There are a plethora of low-cost stocks and mutual funds that you could consider purchasing as part of a contrarian strategy. In general, you should seek out fallen sectors (with the potential to grow back) with below-average valuations. Commodity producers, retailers, consumer discretionary firms, industrials, midstream firms, asset managers, and so on have all been battered for now, but are expected to rise again in the future. International stocks and emerging markets have also underperformed in the last decade but are expected to rise. The following are some concrete industries that you may want to look into:
- Developing industry: New markets are developed every time. Examples are mostly related to tech, but it is not limited to it. While some traditional markets will remain, new markets will emerge and will take over the economy
- Commodities: Commodities include grains, gold, oil, gas, and many more, and these are the assets that are necessary for the economy and will rarely see a decline in value
- Non-traditional investments: This is not an alternative investment. These investments trade on things that are unusual and very different from the investment market in general - it could be ETFs on cannabis, pot stocks, funds on beer or wine or even NFTs
- Transportation: Cruise lines and airlines were hit hard in 2020, but they are more likely to bounce back due to their importance in the economy
- Small mom&pop business: Many small businesses have also been hit by the pandemic, and many of them will not bounce back. But some might through implementing innovative measures to suit the market climate, and an investor can take reap the benefits from their slow regrowth
- Real estate: Real estate is one of those asset classes that rarely crashes. Even when it does, it comes back up stronger than before. Real estate, whether land or through REITs, can still achieve a solid return that suits a contrarian approach. Also, not everyone can afford to invest in real-estate
Apart from focusing on the industries, you may also want to focus on the kind of asset. For instance, you can sell your cash-secured put options to buy a stock when it declines, or you can sell your covered calls to sell stocks when their prices increase.
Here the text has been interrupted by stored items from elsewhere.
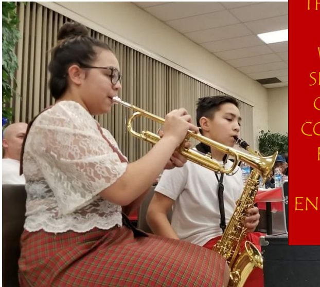
Special thanks to Nila Gonzales & Ron Salazar for pictures of the celebration.
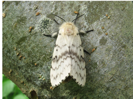
Gypsy Moth female
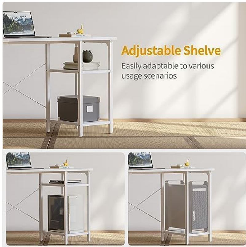
Figure 2.2: The middle shelf can be removed or adjusted to fit taller items.

To understand whether contrarian investing is right for you, look no further than its characteristics. As a strategy that looks for low-cost equities of companies that are expected to rise in value, it does strike some uncertainty as one cannot simply time the market. Nevertheless, contrarian investing can be beneficial if you are patient and rarely give into market hype and fear. But it also has its downsides. You can ensure that a contrarian strategy is a success by looking at equities holistically, through looking at company balance sheets, investment returns against investment costs, or using basic statistics, like price/earnings ratio. But nothing beats traditional investment strategies to ensure success, such as, proper diversification, due diligence, or seeking professional help. Contrarian investing can be very effective due to its long-term nature and the historical success achieved by famous investors, like Warren Buffet or Ryan Cohen. Some of the industries to consider for contrarian investing include emerging markets, commodities, and real estate, etc.
Contrarian investing can be beneficial if done right. However, as seen from history, only a few can reap the benefits because it requires expert support from trained professions. Warren Buffet had a group of professionals who helped him profit through a contrarian approach, and the individual will not have access to such tools. Therefore, it is essential to understand your goals, risk tolerance, and the current market before investing through the contrarian approach.